LISTED ENTRIES section start

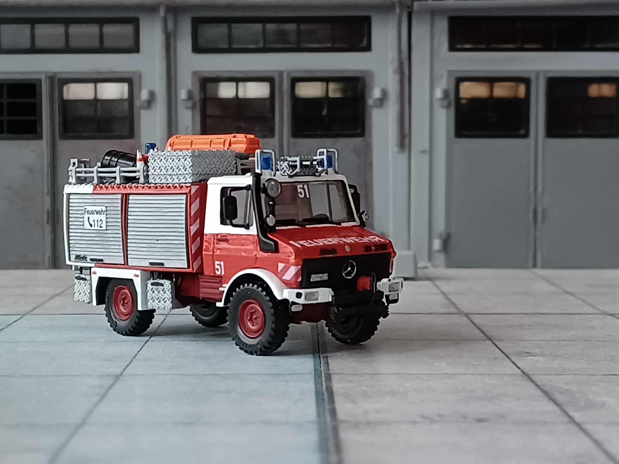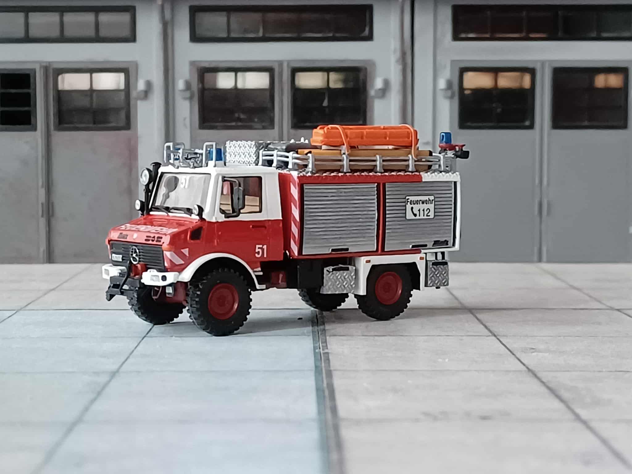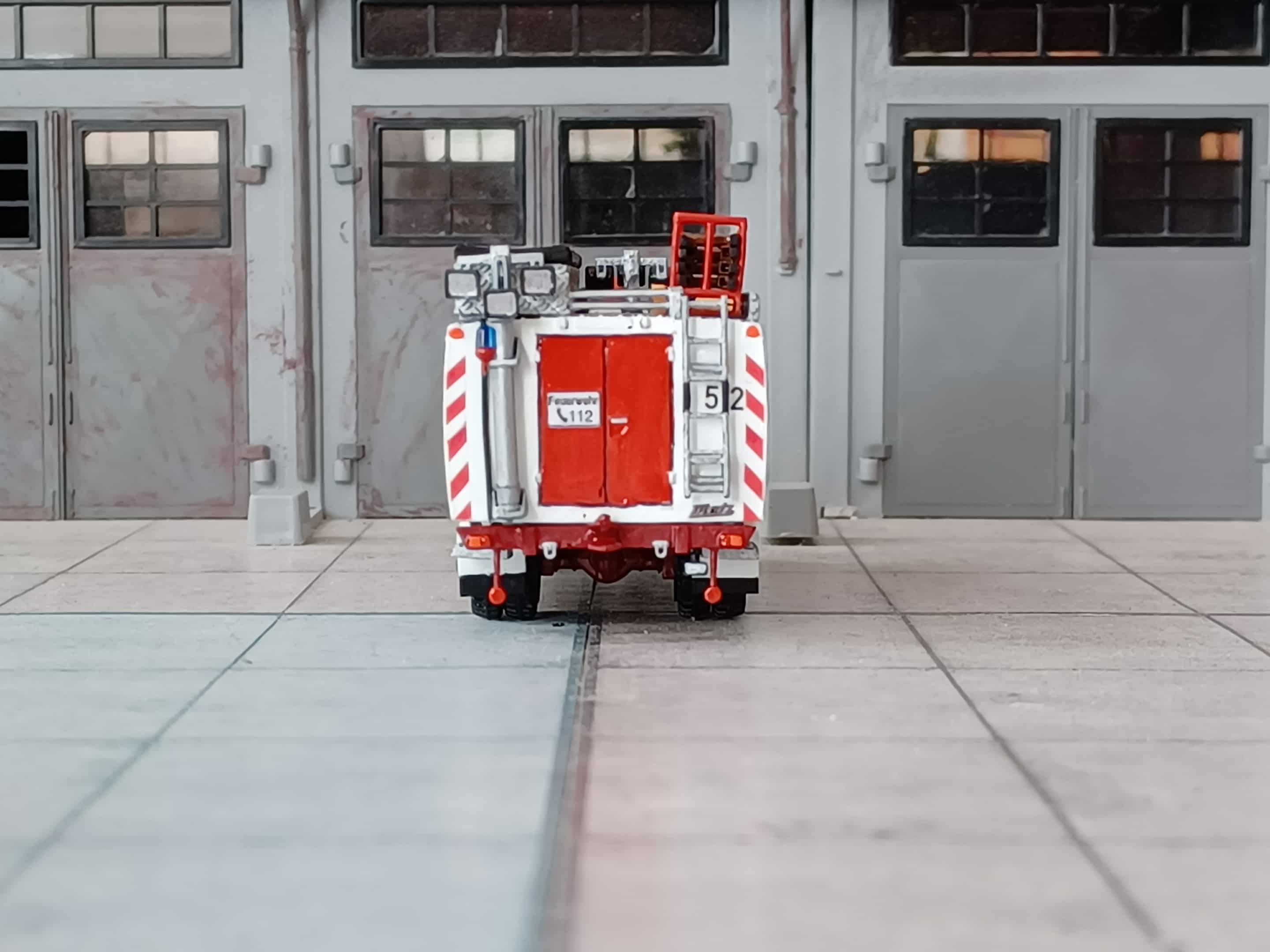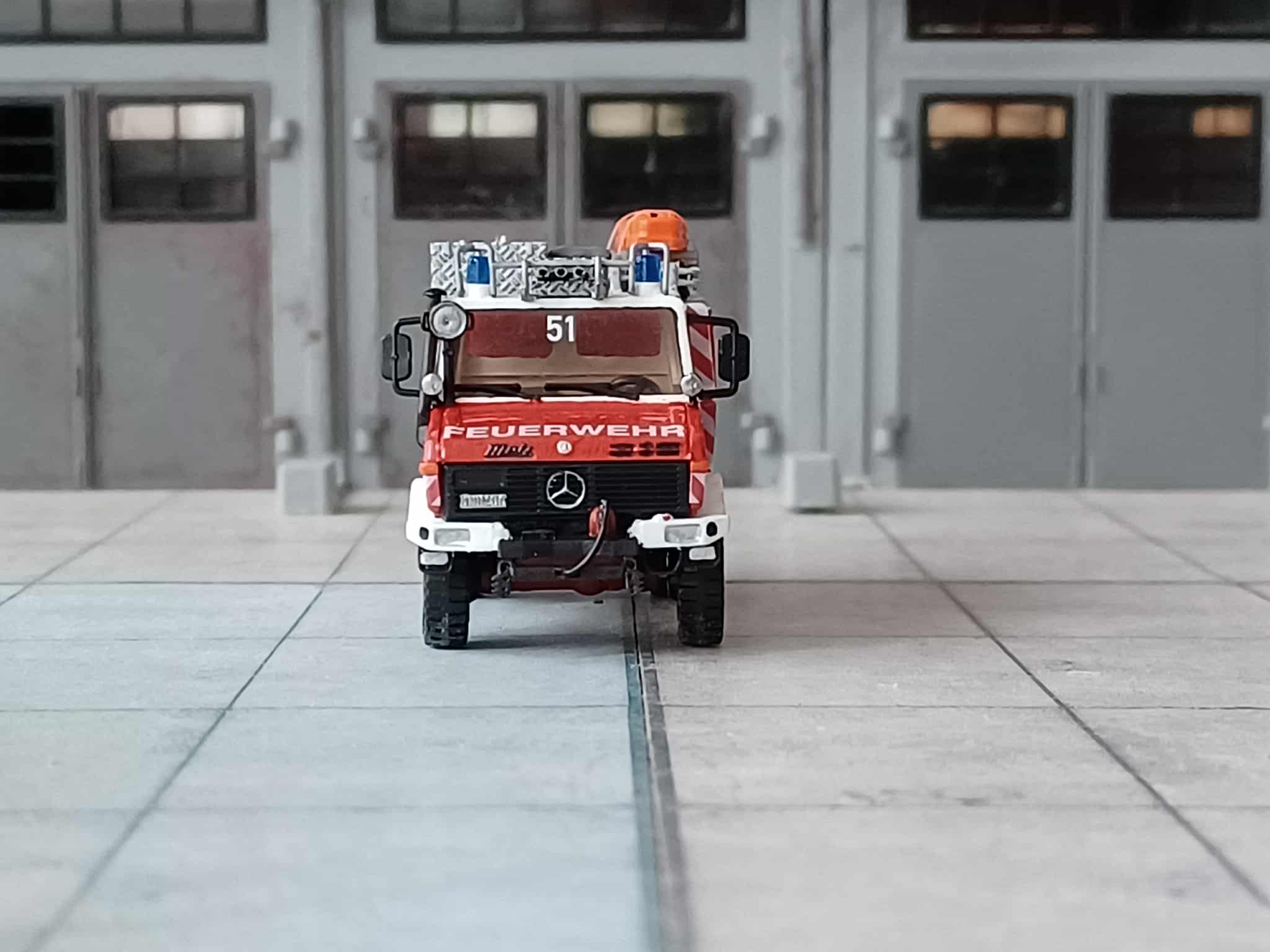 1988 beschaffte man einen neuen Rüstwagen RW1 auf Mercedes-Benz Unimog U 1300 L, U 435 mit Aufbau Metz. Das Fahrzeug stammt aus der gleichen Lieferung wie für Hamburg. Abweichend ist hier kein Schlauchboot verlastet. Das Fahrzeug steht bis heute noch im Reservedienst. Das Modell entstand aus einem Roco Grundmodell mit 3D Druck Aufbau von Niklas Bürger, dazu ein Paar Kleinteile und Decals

LISTED ENTRIES section end
LISTED ENTRIES section start

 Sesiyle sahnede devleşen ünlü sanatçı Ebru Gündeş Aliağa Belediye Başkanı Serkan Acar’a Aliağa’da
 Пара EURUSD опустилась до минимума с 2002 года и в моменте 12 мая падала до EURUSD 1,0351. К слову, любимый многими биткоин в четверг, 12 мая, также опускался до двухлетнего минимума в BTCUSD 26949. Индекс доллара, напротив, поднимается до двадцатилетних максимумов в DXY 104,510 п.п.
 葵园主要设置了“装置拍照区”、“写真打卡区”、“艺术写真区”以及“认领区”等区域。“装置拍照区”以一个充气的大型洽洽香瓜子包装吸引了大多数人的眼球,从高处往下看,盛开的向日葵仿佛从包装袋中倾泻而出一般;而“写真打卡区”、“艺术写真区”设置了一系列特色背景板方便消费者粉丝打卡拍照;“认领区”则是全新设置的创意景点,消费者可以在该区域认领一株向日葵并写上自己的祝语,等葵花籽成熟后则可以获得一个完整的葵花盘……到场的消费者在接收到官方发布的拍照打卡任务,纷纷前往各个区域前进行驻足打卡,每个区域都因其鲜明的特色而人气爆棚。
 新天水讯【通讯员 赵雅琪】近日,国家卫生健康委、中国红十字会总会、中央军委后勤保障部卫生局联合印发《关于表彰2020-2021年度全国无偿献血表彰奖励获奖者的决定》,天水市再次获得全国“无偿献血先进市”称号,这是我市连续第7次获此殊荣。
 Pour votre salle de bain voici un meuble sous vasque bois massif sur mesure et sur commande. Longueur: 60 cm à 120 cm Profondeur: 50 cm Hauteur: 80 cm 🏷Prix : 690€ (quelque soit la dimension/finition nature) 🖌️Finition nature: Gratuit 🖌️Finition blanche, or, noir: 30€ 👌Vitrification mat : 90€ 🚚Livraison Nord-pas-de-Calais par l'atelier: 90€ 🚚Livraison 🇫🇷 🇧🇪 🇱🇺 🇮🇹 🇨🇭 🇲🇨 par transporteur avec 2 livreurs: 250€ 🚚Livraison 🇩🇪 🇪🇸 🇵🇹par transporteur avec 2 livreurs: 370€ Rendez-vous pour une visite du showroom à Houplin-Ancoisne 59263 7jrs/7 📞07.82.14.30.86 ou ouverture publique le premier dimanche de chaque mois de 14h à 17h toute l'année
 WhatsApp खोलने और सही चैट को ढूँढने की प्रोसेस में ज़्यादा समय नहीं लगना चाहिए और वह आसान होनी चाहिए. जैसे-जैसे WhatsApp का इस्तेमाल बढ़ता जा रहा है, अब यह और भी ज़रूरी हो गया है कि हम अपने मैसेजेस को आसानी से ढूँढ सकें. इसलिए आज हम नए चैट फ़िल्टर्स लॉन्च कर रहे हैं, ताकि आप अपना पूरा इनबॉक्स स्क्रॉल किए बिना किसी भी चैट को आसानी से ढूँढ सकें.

LISTED ENTRIES section end
LISTED ENTRIES section start

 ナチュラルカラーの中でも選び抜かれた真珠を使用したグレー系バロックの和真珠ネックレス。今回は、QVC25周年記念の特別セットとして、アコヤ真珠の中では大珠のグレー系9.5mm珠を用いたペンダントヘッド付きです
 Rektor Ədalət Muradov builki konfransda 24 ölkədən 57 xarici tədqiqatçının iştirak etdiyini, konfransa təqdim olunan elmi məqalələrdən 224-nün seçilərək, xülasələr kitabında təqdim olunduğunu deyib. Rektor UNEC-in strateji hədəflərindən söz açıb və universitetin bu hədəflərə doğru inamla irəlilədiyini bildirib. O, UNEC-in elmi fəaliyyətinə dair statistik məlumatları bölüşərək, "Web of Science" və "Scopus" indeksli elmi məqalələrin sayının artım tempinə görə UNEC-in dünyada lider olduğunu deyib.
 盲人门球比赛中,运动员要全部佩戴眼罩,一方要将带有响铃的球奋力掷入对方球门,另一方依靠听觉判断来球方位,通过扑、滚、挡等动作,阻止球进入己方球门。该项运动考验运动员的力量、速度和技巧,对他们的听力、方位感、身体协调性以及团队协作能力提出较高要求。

LISTED ENTRIES section end

__TASK BRIEF__:
Give back, unchanged, the run of lines in the listing above that begins at the line containing "ナチュラルカラーの中でも選び" and ends at the line containing "盲人门球比赛中,运动员要全部", both included.

__WRITTEN ANSWER__:
 ナチュラルカラーの中でも選び抜かれた真珠を使用したグレー系バロックの和真珠ネックレス。今回は、QVC25周年記念の特別セットとして、アコヤ真珠の中では大珠のグレー系9.5mm珠を用いたペンダントヘッド付きです
 Rektor Ədalət Muradov builki konfransda 24 ölkədən 57 xarici tədqiqatçının iştirak etdiyini, konfransa təqdim olunan elmi məqalələrdən 224-nün seçilərək, xülasələr kitabında təqdim olunduğunu deyib. Rektor UNEC-in strateji hədəflərindən söz açıb və universitetin bu hədəflərə doğru inamla irəlilədiyini bildirib. O, UNEC-in elmi fəaliyyətinə dair statistik məlumatları bölüşərək, "Web of Science" və "Scopus" indeksli elmi məqalələrin sayının artım tempinə görə UNEC-in dünyada lider olduğunu deyib.
 盲人门球比赛中,运动员要全部佩戴眼罩,一方要将带有响铃的球奋力掷入对方球门,另一方依靠听觉判断来球方位,通过扑、滚、挡等动作,阻止球进入己方球门。该项运动考验运动员的力量、速度和技巧,对他们的听力、方位感、身体协调性以及团队协作能力提出较高要求。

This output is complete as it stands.